SOS Malta is also the Fund Operator of the Active Citizens Fund, which was established under the EEA Financial Mechanism 2014-2021 with financial support from Iceland, Liechtenstein and Norway. The programme provides funding to strengthen the capacity of the civil society sector to advocate for human rights and social inclusion. Under this programme, SOS Malta has funded myriad projects in various areas including rule of law, inclusion of vulnerable children and youths, empowerment of survivors of domestic violence, anti-racism and media literacy. These projects and initiatives have been implemented by over 17 Maltese non-governmental organisations, some of them in collaboration with partners from the funding states.

One of the longest running volunteering programmes, which is an integral part of the SOS Malta pillar of volunteering, is VolServ. Visitors to Mater Dei may have seen the orange-clad volunteers serving tea and coffee in the outpatient areas and directing people to the correct wards.
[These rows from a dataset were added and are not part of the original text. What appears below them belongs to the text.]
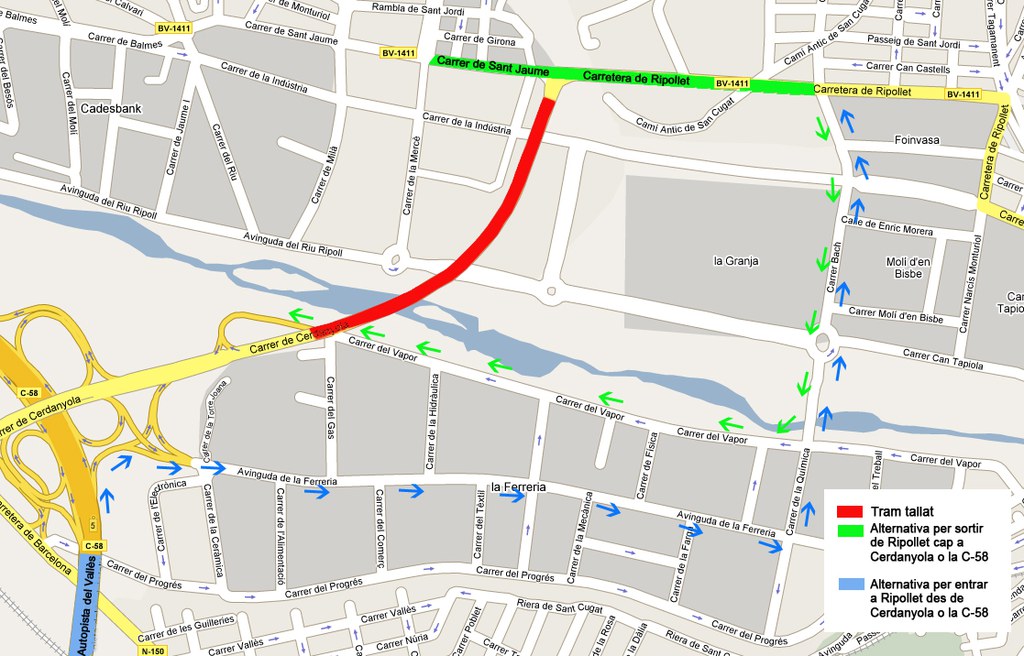 La sortida de Ripollet cap a l'autopista i Cerdanyola es farà per Montcada, pels carrers Bach i Vapor, fins enllaçar de nou amb la carretera de Cerdanyola, passat el pont. L'entrada a Ripollet es desviarà per l'avinguda de La Ferreria, carrer de la Química i Bach, fins a la carretera de Ripollet (BV1411).
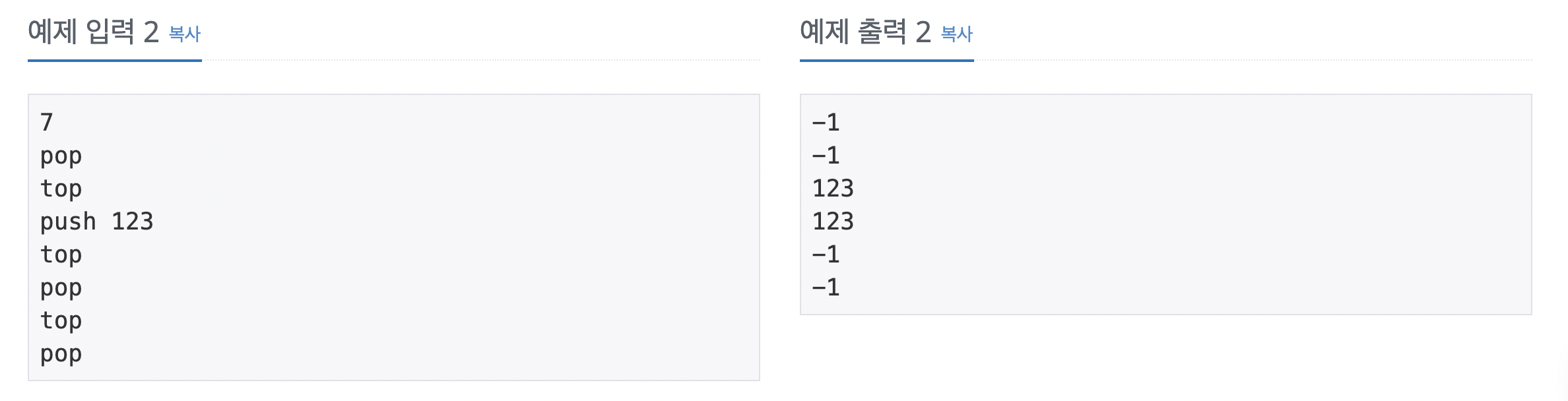 이 문제에서 해결해야하는 문제는 2개가 있는데 pop을 했을 때 -1을 출력하는 것과
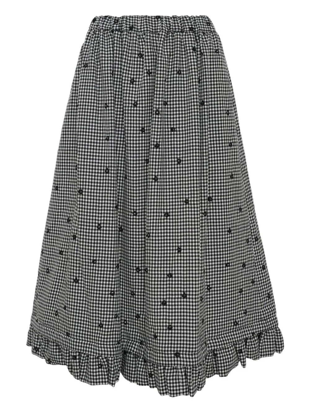 polka-dot ruffled midi skirt Highlights - Black - Polka dot pattern - Elasticated waistband - Ruffled hem Imported Composition Cotton 100% Washing instructions Read Manufacturer Guidelines

The VolServ team currently consists of 40 registered volunteers who work rotating shifts depending on their availability. Anyone who has some spare time and would like to join the team can contact SOS Malta for more information.

Another flagship project of SOS Malta is kellimni.com, a 24/7 online chat support service managed by a team of 20 qualified professionals. The service also offers free online and face-to-face individual counselling sessions as well as targeted therapeutic group sessions. The therapeutic group sessions are organised around specific topics. This year these include anger management, mindfulness, the IVF process, loneliness and bereavement and eating disorders. The topics of the group sessions are announced on the SOS Malta FB page weeks before they start so that interested participants can register and an in-take process is initiated.